Predicted and cryoEM Structures Independently Agree on the Molecular Structure of the ArlG Helix
Because the resolution of our map was insufficient for de novo model building, we used a hybrid approach to build and validate a molecular model of the ArlG helix. We first assessed how sArlG monomers may assemble to form a repeating helical filament by evaluating possible orientations of the only known crystal structure of ArlG, that of S. acidocaldarius, into our map. As absolute handedness cannot be determined from 2-D projection images (Sorzano et al., 2006; Zivanov et al., 2018), monomeric sArlG was fitted into maps of both handedness using SegFit in UCSF Chimera (Pintilie et al., 2010). The monomer fitted better in the left-handed map, and we independently identified similar best fits of the monomer in two of the repeating subunit densities.

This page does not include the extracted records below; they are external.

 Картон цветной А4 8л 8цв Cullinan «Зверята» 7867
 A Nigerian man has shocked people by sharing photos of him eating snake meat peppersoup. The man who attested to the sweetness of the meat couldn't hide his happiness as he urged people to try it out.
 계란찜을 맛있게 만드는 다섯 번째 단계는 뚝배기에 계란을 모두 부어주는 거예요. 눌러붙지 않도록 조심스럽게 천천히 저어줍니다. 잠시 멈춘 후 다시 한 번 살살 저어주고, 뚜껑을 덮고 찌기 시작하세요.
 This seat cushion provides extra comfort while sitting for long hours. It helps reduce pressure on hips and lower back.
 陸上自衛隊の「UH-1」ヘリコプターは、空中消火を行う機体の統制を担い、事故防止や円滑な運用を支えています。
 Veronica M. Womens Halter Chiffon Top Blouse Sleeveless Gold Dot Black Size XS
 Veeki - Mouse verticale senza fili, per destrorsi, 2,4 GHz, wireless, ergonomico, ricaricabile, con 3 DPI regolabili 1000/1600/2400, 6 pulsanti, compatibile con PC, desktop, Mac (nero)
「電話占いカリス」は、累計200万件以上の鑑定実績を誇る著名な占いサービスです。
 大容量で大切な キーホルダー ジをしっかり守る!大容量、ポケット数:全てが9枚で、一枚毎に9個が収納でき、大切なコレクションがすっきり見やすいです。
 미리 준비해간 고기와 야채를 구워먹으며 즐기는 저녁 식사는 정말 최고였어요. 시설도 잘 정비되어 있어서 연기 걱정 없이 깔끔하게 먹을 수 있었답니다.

In parallel, we used AlphaFold 2 (Jumper et al., 2021) to model the structure of an ArlG oligomer de novo without any a priori information on our cryoEM structure or the fold of ArlG. We predicted the structure of a monomer, pentamer, octamer and decamer of ArlG using the sequence of our P. furiosus sArlG. The monomeric structure accurately predicted the crystal structure of sArlG (RMSD 4.7 Å), while the pentamer, octamer, and decamer all formed comparable left-handed open helices. We extrapolated these helices by iteratively superimposing overlapping subcomplexes to form a 13-mer, and inspected this to determine that it forms a left-handed helix with a helical turn consisting of 8.1 protomers, a helical radius of 41.7 Å, and a twist of −44.4° and rise of 12.8 Å per subunit, a close match with our cryoEM density map (Figure 3A). We were unable to compare AlphaFold 2 results to the analogous RoseTTaFold because it does not currently offer homooligomer structure prediction (Baek et al., 2021).

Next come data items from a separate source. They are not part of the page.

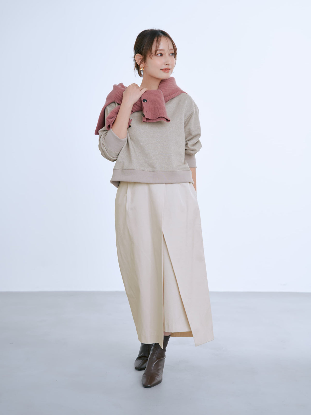 フロントのラップデザインがアクセントになってくれるので、シンプルなトップスを合わせるだけで大人カジュアルにほんのりモード感がプラスされたスタイリングに。綺麗めなトップスや甘めのブラウスと合わせて甘辛なスタイリングも◎サンダルからフラットシューズ、スニーカーなど足元の合わせも選びません。
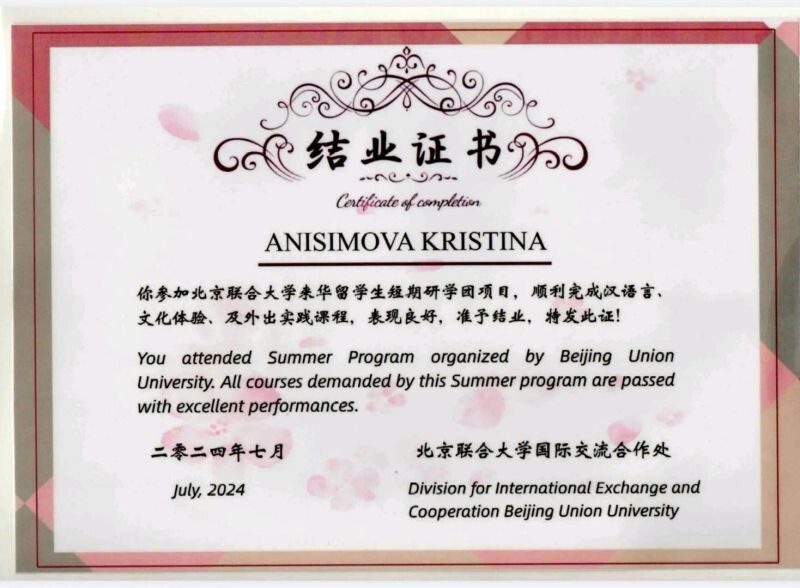 - Летняя стажировка в Пекинском объединённом университете (BUU) (с 2024 г.).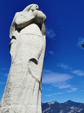 Die Madonnenstatue „Regina Mundi“, die in der Nähe des ins Ledrotal führenden Straßentunnels steht, ist seit den 1970er Jahren ein Wahrzeichen des Ortes. Sie wurde bereits 1955 von Fra Silvio Bottes geschaffen, ein Mönch aus dem Kloster Delle Grazie in Arco, der auch das Hauptportal der Kirche in Pregasina fertigte. Ursprünglich sollte die 5 Meter hohe und 8 Tonnen schwere Statue, die aus vier Blöcken herausgearbeitet wurde, auf dem Dach des Ferienheims der Pfarre Locca im Valle di Concei aufgestellt werden. Aufgrund des Gewichtes musste man von dem Vorhaben allerdings absehen und stellte sie vor dem dortigen Pfarrhaus auf. Auf Betreiben der Bevölkerung Pregasinas wurde sie 1976 an ihren jetzigen Standort gebracht und 1977 geweiht.Ausblick von hier oben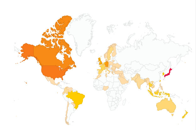 私のブログの国毎の閲覧地図(2012年12月より集計)。 すべて日本語の記事であるから海外在住の日本の方の閲覧と見られる。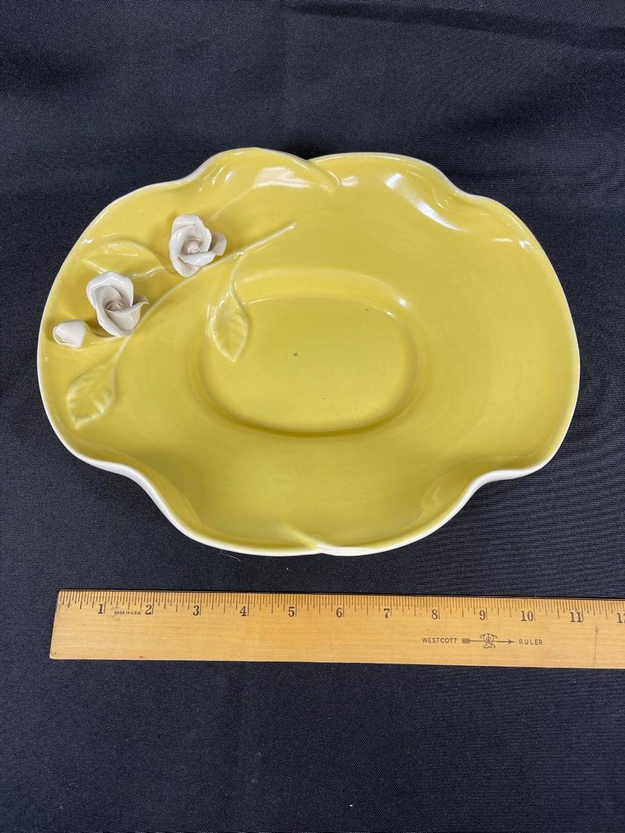 Vintage Yellow Haldeman Caliente Pottery Dish Bowl Plate with Roses
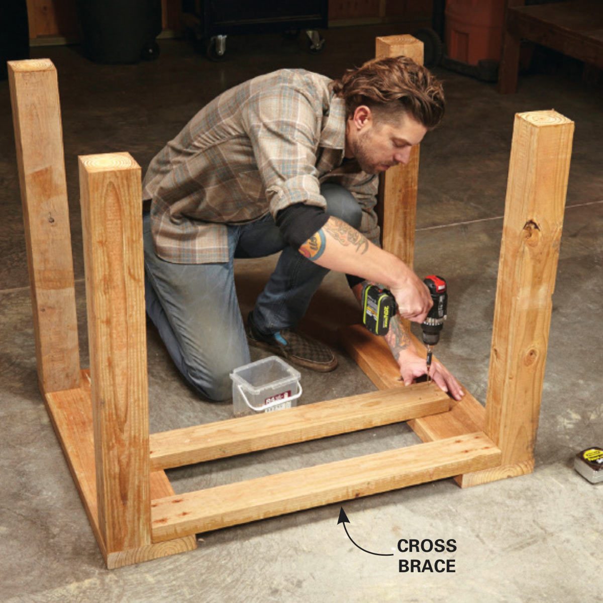 Screw the legs to the rails, then install the cross braces.

Figure 3. A molecular model of the ArlG helical filament is supported by diverse observations. (A) Molecular model of a helical filament ArlG from AlphaFold 2. (B) Demonstration of fit of molecular model within our cryoEM density map. Arrowhead highlights unexplained non-regular density (C) Validation of our molecular model by comparison of density map of our cryoEM structure (top) and simulated model density map (bottom). Note that small differences in helical parameters lead to loss of register in the lower sections of the two maps. (D) Illustration of consistent interfaces between monomers in (left) interaction surface of two sArlG monomers (PDB 5TUH) independently fitted into two subsequent repeats in our cryoEM density map, (middle) interface between two subsequent protomers in the de novo AlphaFold model, and (right) ArlG interface with paralogous ArlF in previously determined crystal structure (Tsai et al., 2020). (E) Multiple sequence alignment of P. furiosus ArlG and S. acidocaldarius ArlG and ArlF performed with Clustal Omega highlighting conserved interface residues. The key ArlG tyrosine residue (Y68 in S. acidocaldarius, Y75 in P. furiosus) at the ArlG-ArlF interaction site is indicated with a yellow asterisk, and residues in ArlG corresponding to the residues of ArlF at the interaction site are highlighted by the red box.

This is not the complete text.